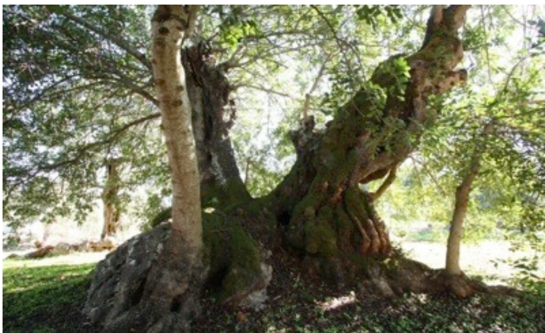
8. Ceratonia siliqua イナゴマメ
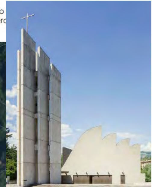
CHIESA A RIOLA DI VERGATO

132 unità immobiliari suddivise in 66 edifici, più il complesso di Borgo Palense esterno al borgo di nuova realizzazione composto da 18 unità. Attualmente ci sono 57 residenti, poco stabili. Il potenziale per il borgo rigenerato

------------------------------

Give the listing again word for word, but drop every picture.

■ RESULT OF THE TASK:
8. Ceratonia siliqua イナゴマメ
CHIESA A RIOLA DI VERGATO

132 unità immobiliari suddivise in 66 edifici, più il complesso di Borgo Palense esterno al borgo di nuova realizzazione composto da 18 unità. Attualmente ci sono 57 residenti, poco stabili. Il potenziale per il borgo rigenerato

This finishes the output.